By Michael L. Moskowitz and Melissa A. Guseynov

Creditors beware: changes are afoot and attention must be paid to these changes or your rights in bankruptcy may be prejudiced. We have previously written about the practices and procedures required under Rule 3002 of the Federal Rules of Bankruptcy Procedure (“Bankruptcy Rules”). However, as of December 1, 2017, certain revisions to Bankruptcy Rule 3002 will both require secured creditors to file proofs of claim and substantially reduce the amount of time provided to creditors to file a proof of claim in Chapters 7, 12 and 13 bankruptcy cases.

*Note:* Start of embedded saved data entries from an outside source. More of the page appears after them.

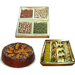 1 pound Plum Cake, Haldiram’s 1 kg Assorted Sweets and 1 kg Assorted Dry Fruits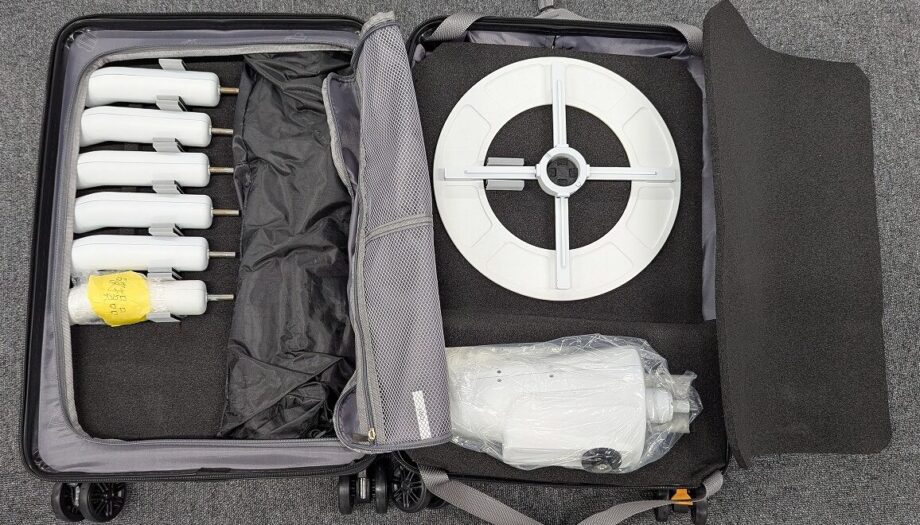 展示会での持ち運びを考慮し、スーツケースに収まるコンパクトサイズに設計。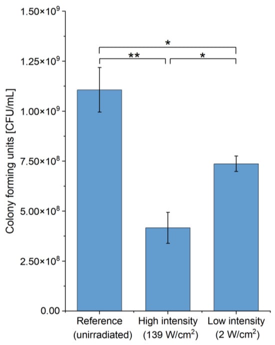 Dose-dependence of the antibiotic effect of high-power blue laser radiation during the treatment of E. coli cultures. Colony forming units (CFU) of E. coli K12 DSM498 before and after irradiation are shown. High intensity was 8.9 s, 139 W/cm2. Low intensity was 600 s, 2 W/cm2. Total energy dose for all samples was 1240 J/cm2. Asterisks (*) indicate the significance value of the results (* p < 0.05; ** p < 0.01).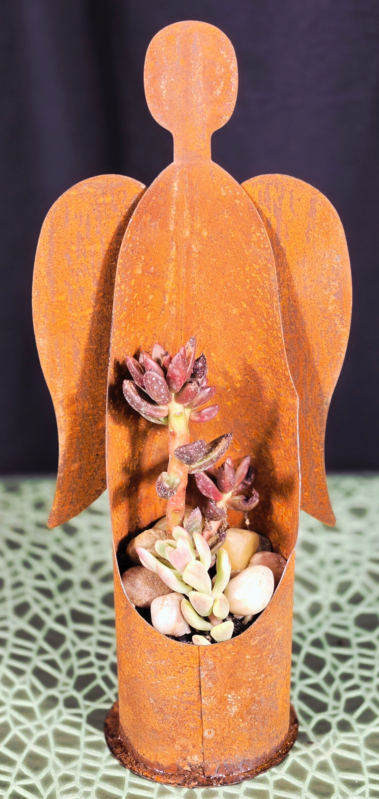 Crafted from weathered metal with a beautifully aged patina, this rustic angel is a striking and versatile statement piece. Designed with soft sculptural wings and a central vessel, it can be styled as a planter for succulents or small plants, or used as a candle holder to create a warm, peaceful glow.

It has long been recognized that for a secured claim to be “allowed” in bankruptcy, a creditor must file a proof of claim. In its current form, Bankruptcy Rule 3002(a) merely states that an “unsecured creditor or an equity security holder must file a proof of claim or interest …” The fact that Bankruptcy Rule 3002 does not specifically mention secured claims has resulted in conflicting case law as to whether a secured creditor must file proof of claim. As a result, the revised text of Bankruptcy Rule 3002 clarifies that a secured creditor must file a proof of claim in order for the claim to be “allowed.” However, the amended Bankruptcy Rule also provides that a secured creditor’s failure to file a proof of claim does not affect the underlying lien.